News of the plan, which could see up to £15 million ploughed into a new facility, comes as figures show Croydon University Hospital has plummeted from being in the top five to the bottom five across London, in a key national target for dealing with the patients in greatest need.
It also comes after the emergence of results from a damning staff survey, with 30 per cent of its own doctors, nurses and health staff saying they are so appalled by standards of care they would not want a relative or friend to be treated there.
In an exclusive interview with the Advertiser, John Goulston, who was this week made the hospital's permanent chief executive, said the current A&E is operating above capacity.
Announcing the plan to tackle the issue, he said: "We have an old-fashioned department which is not sized for the current volume of care that it has in terms of blue lights arriving as they are, and secondly in terms of volume of patients.
"We need more space for the sickest patients. We have got small areas. In our resuscitation area, which is mostly acutely ill patients, there are only a small number of bays.
"Our 'majors' [highest need patients] area, again we don't have as many cubicles as we should for the size we have.
"So we are just in the process of putting together a business case, broadly in the region of £10 million to £15 million, to put to NHS London in the next few weeks for a new A&E department."
Mr Goulston told how the hospital's A&E struggled to deal with one incident in recent weeks when about 20 ambulances turned up in one hour.
Arrivals are up ten per cent with admissions up by the same amount on last year. "There has to be capacity in the department. That level of surge has never happened before and that is what we need to tackle," said Mr Goulston.
Croydon University Hospital's A&E was built for seeing 70,000 patients a year, but is currently attempting to treat at least 100,000. A brand new department would aim to double capacity to at least 140,000, with new machinery and a state-of-the-art layout.
Kathryn Channing, the department's head of service, said options on the table ranged from building an extension to the current A&E, to stripping it out entirely, to building a brand new facility and knocking the current A&E down, replacing it with a car park.

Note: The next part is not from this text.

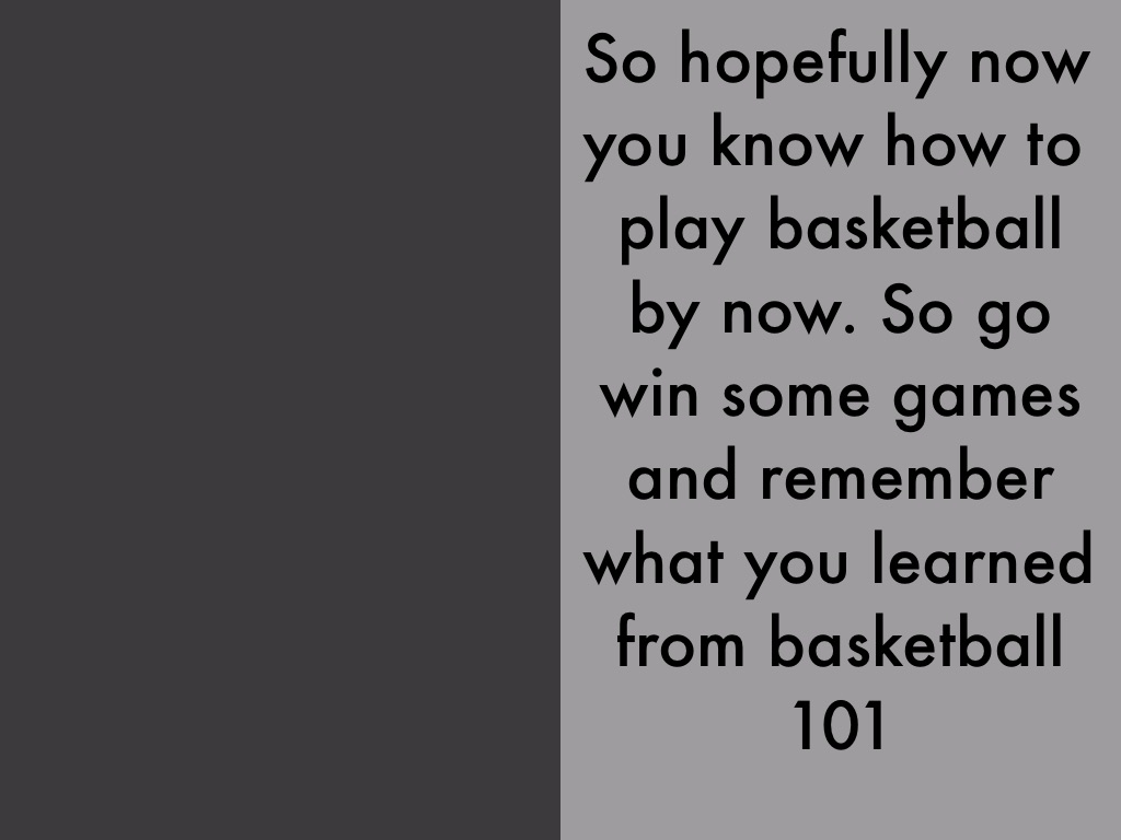 So hopefully now you know how to play basketball by now. So go win some games and remember what you learned from basketball 101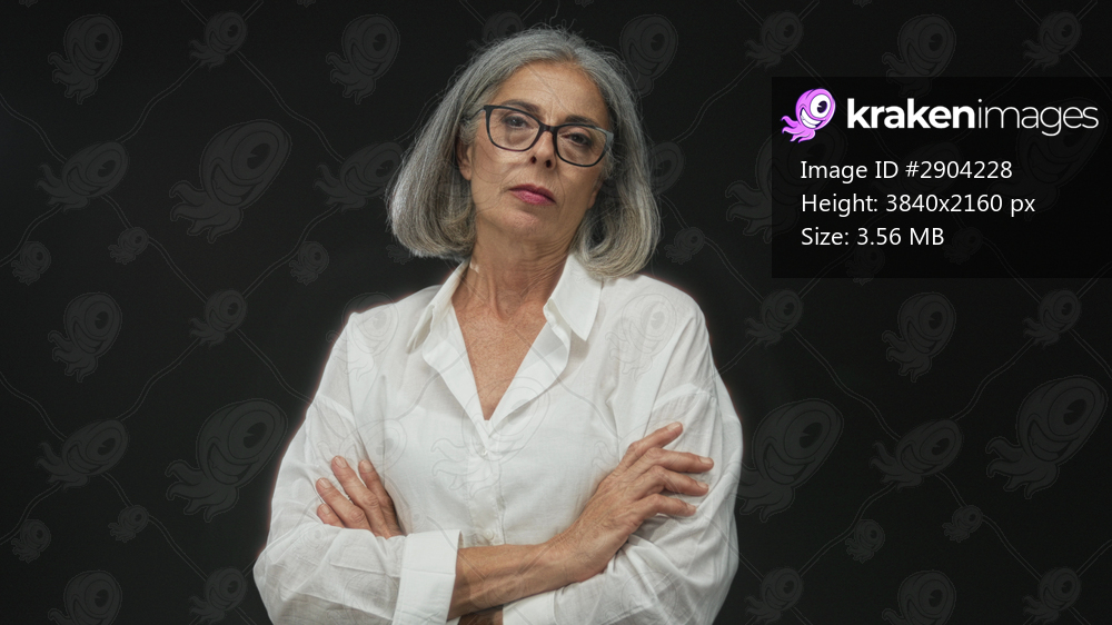 Middle-aged woman with gray hair and glasses, arms crossed wearing a white shirt in studio against a black backdrop; defiance resilience.

Building work could begin as early as November.
Ms Channing said: "We don't have the space to see the patients. That's the biggest challenge we face, lack of space.
"A new department is top of my wish list. It would solve a lot of problems. There is great potential here. We have a great population and to be able to have a new, state-of-the-art building would be brilliant. We need a building that is open plan."
The current internal structure means patients are often lined up on beds along corridors and in public spaces.
Last week, the Advertiser revealed that a £2.53 million IT system is set to go live in A&E as well as other departments in a bid to save time and make tracking patients through their care easier.
Mr Goulston was controversially made the permanent chief executive this week, despite receiving a vote of no confidence from non-executive members of the hospital's board. However, Mr Goulston denied a vote of no confidence was passed in him.
He added: "You can see that our board has not worked as well as it should have. We have a governance review. It will be out in a couple of weeks. You'll see the findings, conclusions and recommendations from that. Let's wait until two weeks' time."
Speaking of landing the post, he said: "I'm delighted to be appointed. I think there's a great opportunity here for the Croydon healthcare system to play its part in improving the health and wellbeing of the population of Croydon.
"To date we have not been able to play as proactive role as we should do and I think we need to make sure Croydon Health Services is a key player."